*** Opening GIVEN DATA ***

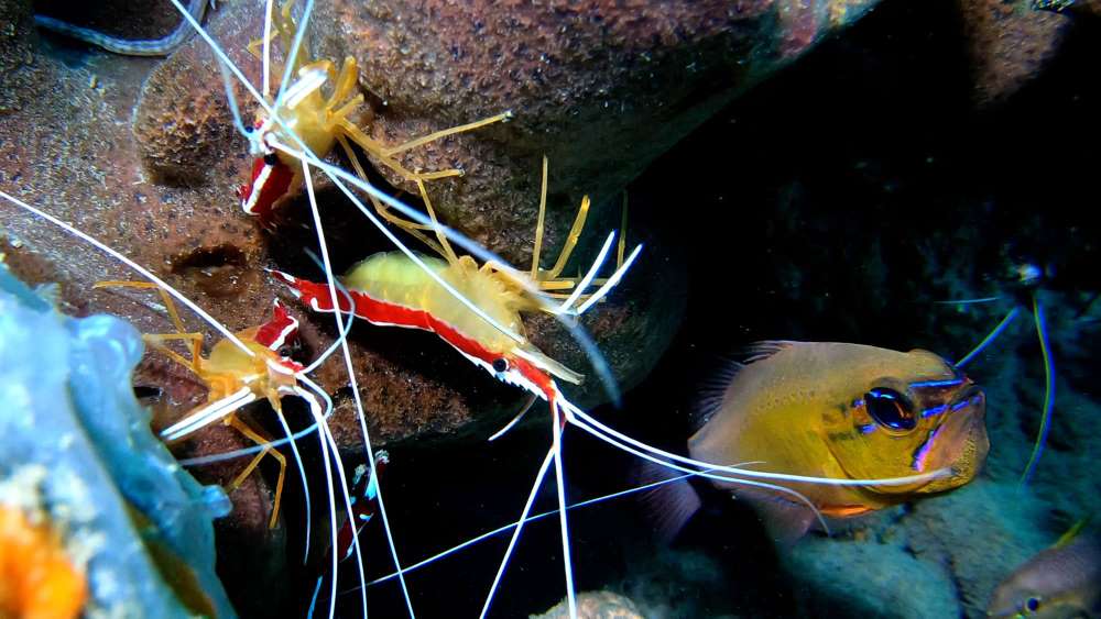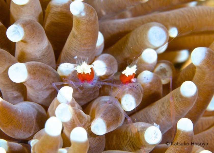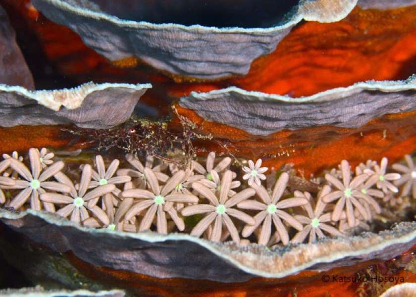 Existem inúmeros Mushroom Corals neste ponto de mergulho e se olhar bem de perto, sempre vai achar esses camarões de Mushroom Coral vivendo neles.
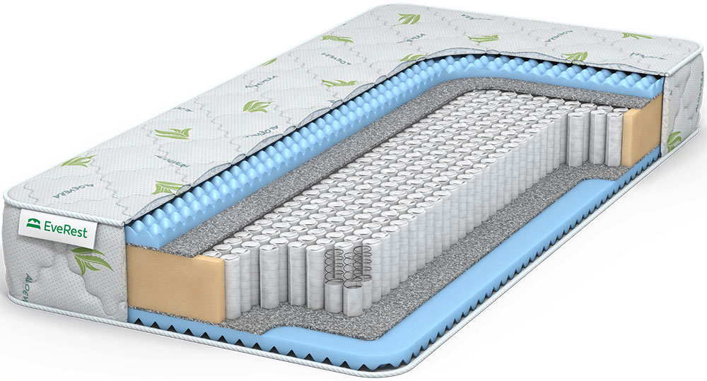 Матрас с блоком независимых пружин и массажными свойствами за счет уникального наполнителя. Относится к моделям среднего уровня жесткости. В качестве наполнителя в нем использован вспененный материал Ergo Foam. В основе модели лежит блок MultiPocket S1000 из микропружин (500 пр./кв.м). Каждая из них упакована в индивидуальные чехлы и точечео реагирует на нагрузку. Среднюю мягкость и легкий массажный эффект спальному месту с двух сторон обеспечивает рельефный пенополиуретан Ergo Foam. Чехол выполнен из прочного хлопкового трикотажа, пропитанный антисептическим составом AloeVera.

*** Closing GIVEN DATA ***
*** Opening GIVEN DATA ***

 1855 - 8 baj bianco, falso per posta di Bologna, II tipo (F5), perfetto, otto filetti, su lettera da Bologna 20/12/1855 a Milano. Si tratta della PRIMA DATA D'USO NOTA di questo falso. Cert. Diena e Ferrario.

*** Closing GIVEN DATA ***

◆ REQUIRED ACTION ◆
Your copy should hold the lines from the one with "Existem inúmeros Mushroom" up to and including the one with "Матрас с блоком", exactly as in the data above, and no pictures.

◆ SOLUTION TO THIS TASK ◆
 Existem inúmeros Mushroom Corals neste ponto de mergulho e se olhar bem de perto, sempre vai achar esses camarões de Mushroom Coral vivendo neles.
 Матрас с блоком независимых пружин и массажными свойствами за счет уникального наполнителя. Относится к моделям среднего уровня жесткости. В качестве наполнителя в нем использован вспененный материал Ergo Foam. В основе модели лежит блок MultiPocket S1000 из микропружин (500 пр./кв.м). Каждая из них упакована в индивидуальные чехлы и точечео реагирует на нагрузку. Среднюю мягкость и легкий массажный эффект спальному месту с двух сторон обеспечивает рельефный пенополиуретан Ergo Foam. Чехол выполнен из прочного хлопкового трикотажа, пропитанный антисептическим составом AloeVera.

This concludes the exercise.